To be clear, there are no tax consequences if you’re transferring your funds from one TFSA to another, but it needs to be done via a direct transfer initiated by the financial institution where your new TFSA is held. Since there is more than one way to transfer your TFSA, I’m going to outline what you want to do to ensure your TFSA transfer is done correctly.

How to transfer your TFSA

How to transfer your TFSA

Before you transfer your TFSA, you need to set up a new TFSA account at another financial institution. Many people choose to go with a robo advisor such as JustWealth, Wealthsimple or RBC InvestEase since they offer low fee automated investing. Alternatively, those going the DIY investor route will open an account with a direct brokerage.
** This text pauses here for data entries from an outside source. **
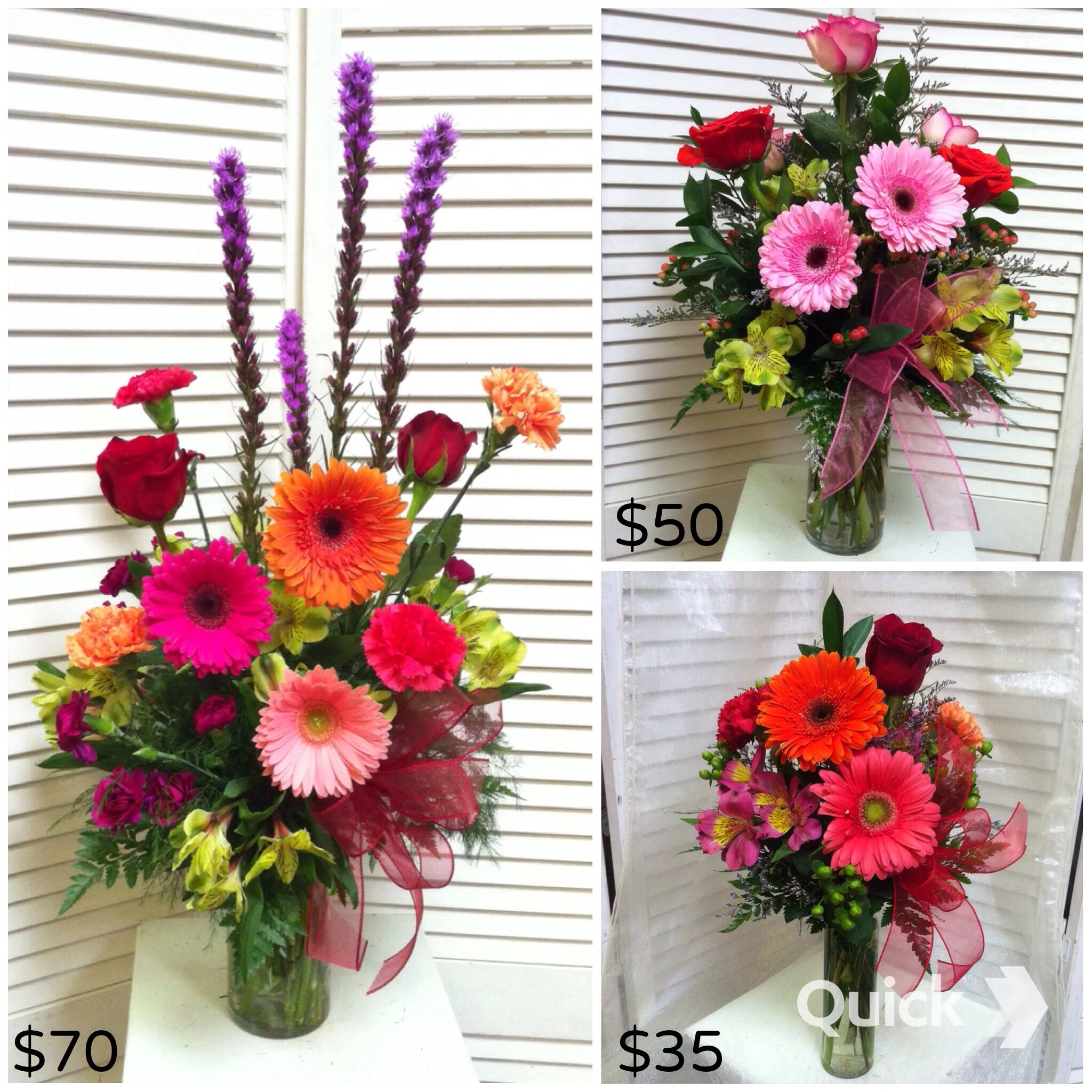 Small Bouquet $10 ($12 value); Medium Bouquet $14 ($18 value); Large Bouquet $24 ($30 value)
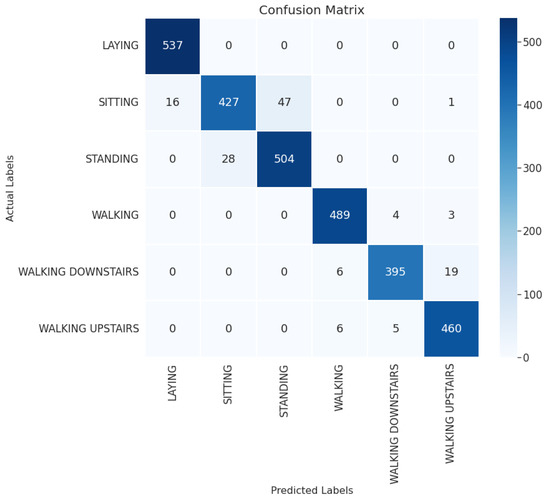 The confusion matrix of the 1D-CNN-BiLSTM model on the UCI-HAR dataset.
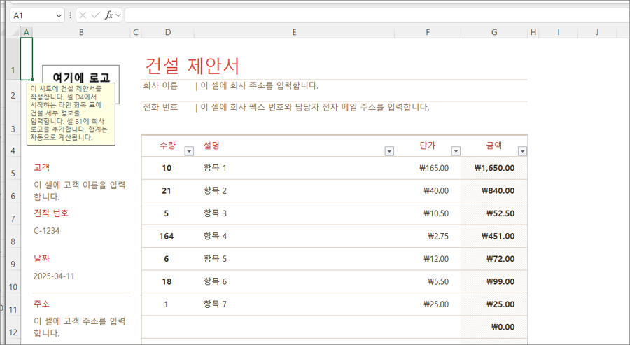 다음은 견적서 서식입니다. 제품명, 수량, 단가를 입력하면 자동으로 금액이 계산되고, 총합도 자동으로 정리됩니다. 견적 요청 고객에게 보낼 서류로도 손색없을 만큼 깔끔한 문서를 손쉽게 만들 수 있습니다.

Once your account is set up, you need to have the company where your new TFSA is being held request that the funds from your old TFSA be transferred. To do this, they would require you to fill out a TFSA transfer form as well as the info about where your funds are being held. The easiest way to get this information is to provide them with your most recent statement as it would have the details that they need.
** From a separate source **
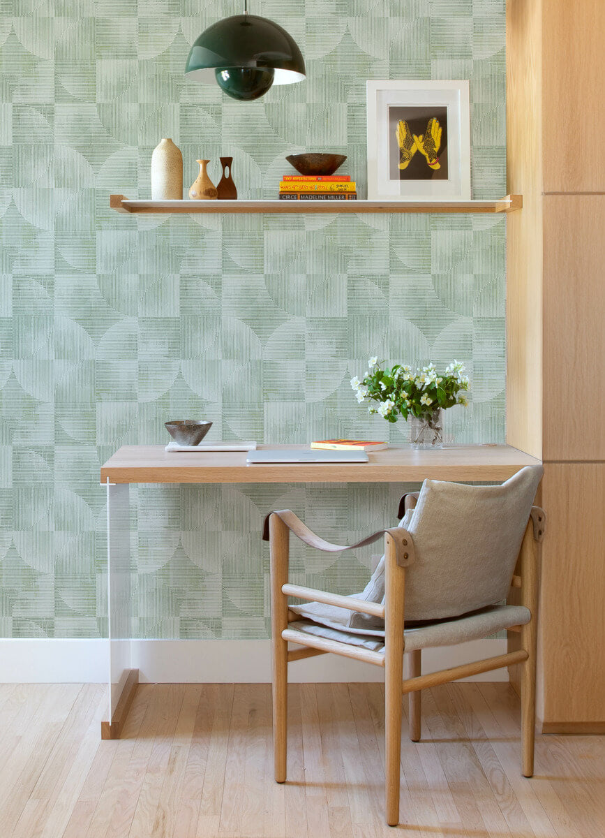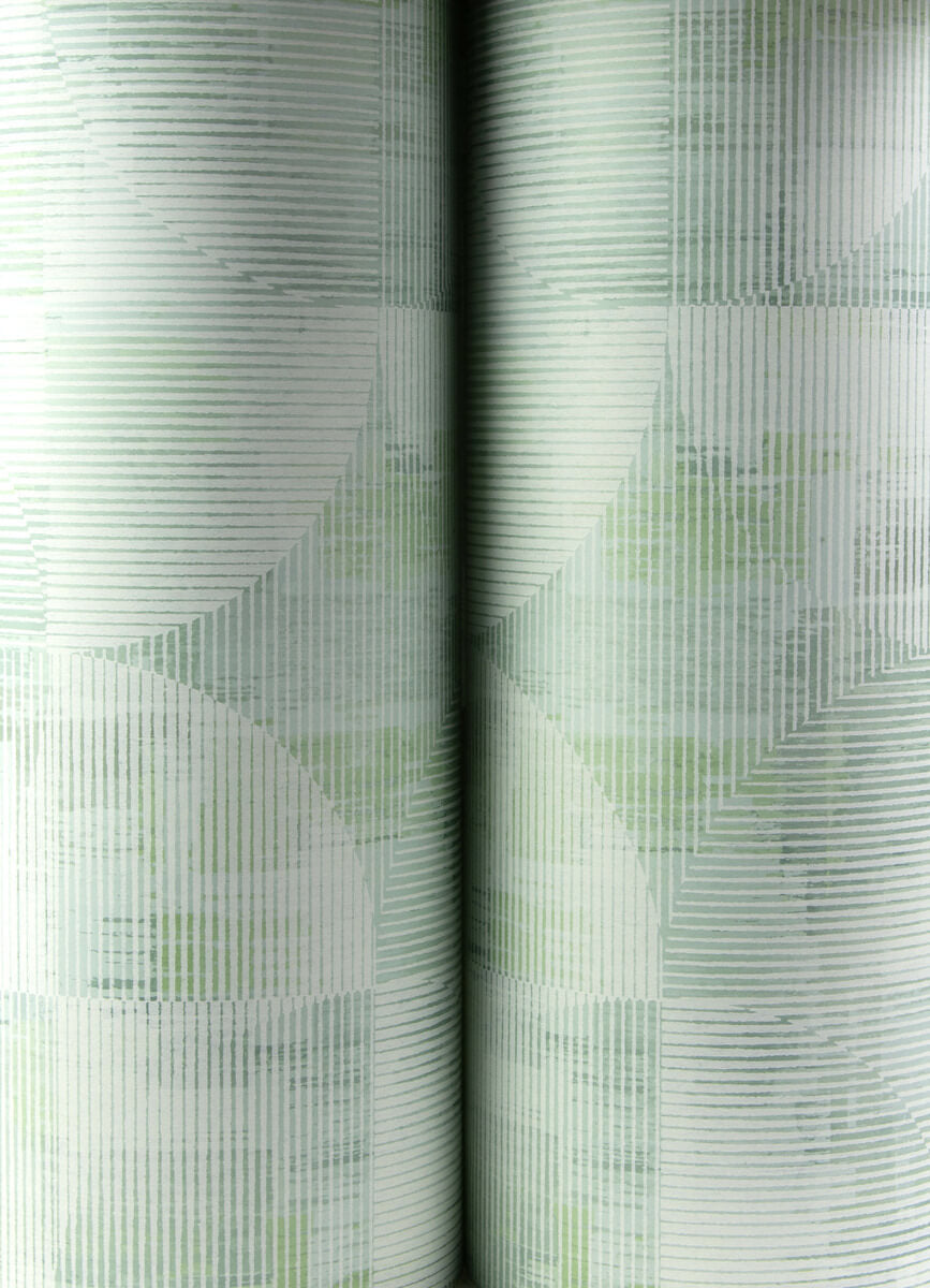 A mesmerizing, kaleidoscopic geometric is formed from layers of overlapping, raised ink shapes. Featured here in shades of green and aqua. Woodbine is an unpasted, non woven wallpaper measuring 20.5 inches wide by 33 feet long, covering approximately About 56.4 square feet square feet per roll. In its fourth wallpaper collection, Drew & Jonathan Home celebrates the signature casual and refined style of Drew & Jonathan Scott who help you re-imagine what's possible in your space through a modern assortment of geometric and nature inspired designs in a variety of elevated finishes.

As soon as the transfer request is put through, there’s nothing your old financial institution can do. That said, many of them have a TFSA transfer fee, which you’re required to pay. Before you sign up for your new TFSA account, see if they’ll cover the transfer fee. It could also take up to 3-4 weeks for the transfer to complete.
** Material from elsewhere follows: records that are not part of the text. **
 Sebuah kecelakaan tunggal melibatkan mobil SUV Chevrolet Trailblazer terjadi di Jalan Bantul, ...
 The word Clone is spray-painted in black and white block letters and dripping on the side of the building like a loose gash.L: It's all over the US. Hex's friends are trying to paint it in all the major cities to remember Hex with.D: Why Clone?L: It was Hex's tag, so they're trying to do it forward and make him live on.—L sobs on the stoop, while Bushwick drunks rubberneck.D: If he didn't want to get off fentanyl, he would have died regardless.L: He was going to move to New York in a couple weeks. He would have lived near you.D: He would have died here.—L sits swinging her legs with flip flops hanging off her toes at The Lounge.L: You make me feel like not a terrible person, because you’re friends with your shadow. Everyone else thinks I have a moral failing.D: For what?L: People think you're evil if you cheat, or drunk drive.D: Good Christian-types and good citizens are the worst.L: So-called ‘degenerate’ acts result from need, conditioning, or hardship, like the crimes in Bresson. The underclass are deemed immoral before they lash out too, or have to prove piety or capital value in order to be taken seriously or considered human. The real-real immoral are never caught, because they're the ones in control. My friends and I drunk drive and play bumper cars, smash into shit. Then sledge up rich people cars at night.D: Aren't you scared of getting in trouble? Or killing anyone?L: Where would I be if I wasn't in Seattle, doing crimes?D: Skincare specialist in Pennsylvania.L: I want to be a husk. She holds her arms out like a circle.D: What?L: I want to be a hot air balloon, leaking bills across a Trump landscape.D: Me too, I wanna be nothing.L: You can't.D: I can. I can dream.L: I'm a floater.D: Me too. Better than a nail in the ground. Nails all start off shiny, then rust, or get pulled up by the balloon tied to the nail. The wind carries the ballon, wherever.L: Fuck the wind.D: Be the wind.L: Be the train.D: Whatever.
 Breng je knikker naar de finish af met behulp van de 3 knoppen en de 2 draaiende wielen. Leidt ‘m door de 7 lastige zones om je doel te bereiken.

Now that you’ve got your funds in your new TFSA, you can close your old account. If you prefer, you can keep the old account open, as you can have multiple TFSAs, but it’s probably best to close it.

What happens to my funds during the transfer?

What you’re currently invested in will determine what happens to your funds when you request a transfer. Let’s say you’re currently invested in ETFs widely available to the public, such as Vanguard ones. When doing the transfer, you could ask for a transfer in kind which would port everything you have right to your new financial institution. 

For most people, things aren’t that simple. If you’re looking to transfer your TFSA to somewhere else, you’re likely not happy with what you’re invested in now or with your financial advisor. There’s a good chance that your portfolio consists of mutual funds exclusive to your old financial institution. If those funds aren’t available for purchase within your new TFSA, your old TFSA would be sold, and then the cash would be transferred to you. 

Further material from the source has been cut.